Loan sharks get more violent
KUALA LUMPUR: Loan sharks are becoming increasingly violent, with some setting cars on fire and throwing petrol bombs into the homes of defaulting borrowers.
"While they are doing this to harass the borrowers, they are also putting the lives of others in danger," said MCA Public Services and Complaint Department head Datuk Seri Michael Chong.
"If the fire spreads, it may also burn down the neighbouring houses," he said at the MCA Public Services and Complaints Department here yesterday.
He said 239 cases of individuals and families being harassed by the loan sharks were reported to the department during the first six months of this year, compared to only 356 cases last year.

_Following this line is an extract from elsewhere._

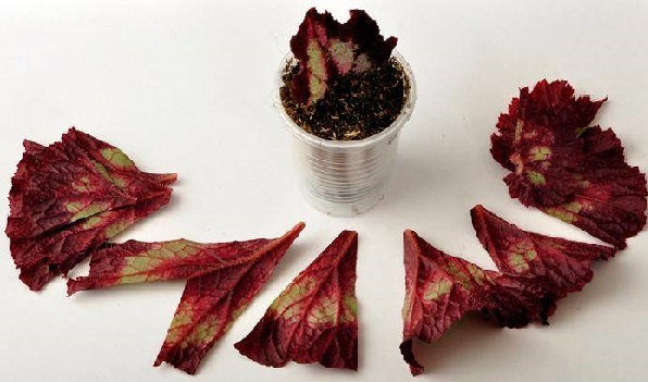 При втория метод трябва да отрежете лист от растение с 7 см резници и да го отрежете през вените. След това поставете листа с лицето надолу върху мокра почва, притиснете с камъни близо до разфасовките. Покрийте с найлоново фолио отгоре и поставете на слънце. В бъдеще пръскайте почвата с пулверизатор.

Chong said the cases this year involved more than RM14mil owed to loan sharks.
Seeking help: Chong (centre) and two victims showing pictures of their properties which had been destroyed by the loan sharks during a press conference in Kuala Lumpur yesterday.
Most of the victims had borrowed the money for gambling while others had taken loans to start businesses, he said.
He said it was worrying that many students had also begun taking loans from loan sharks to feed their online gambling habit.
"The loan sharks are not to blame entirely as many of them are victims' as well.
"Some people take loans saying they need to start businesses but use the money to gamble instead and then are unable pay back what they owe," he said.
On May 20, a 44-year-old engineer, who only wanted to be known as Ong, was shocked to find the front porch of his house in Klang on fire.
Ong claimed that it was the work of a group of loan sharks searching for his sister and her husband who fled in February after failing to pay their debts.
His car was smashed and splashed with red paint. The loan sharks also threw Molotov cocktails into his porch.
On Monday, the loan sharks struck again, setting fire to his car.
"My neighbours are asking me to move out as they fear for their lives too," he said.
In another case, restaurant owner K.S. Chai claimed that the two joint shoplots he owned in Klang were badly damaged on May 20 after one of the 13 loan sharks he had borrowed money from used Molotov cocktails to set the premises on fire.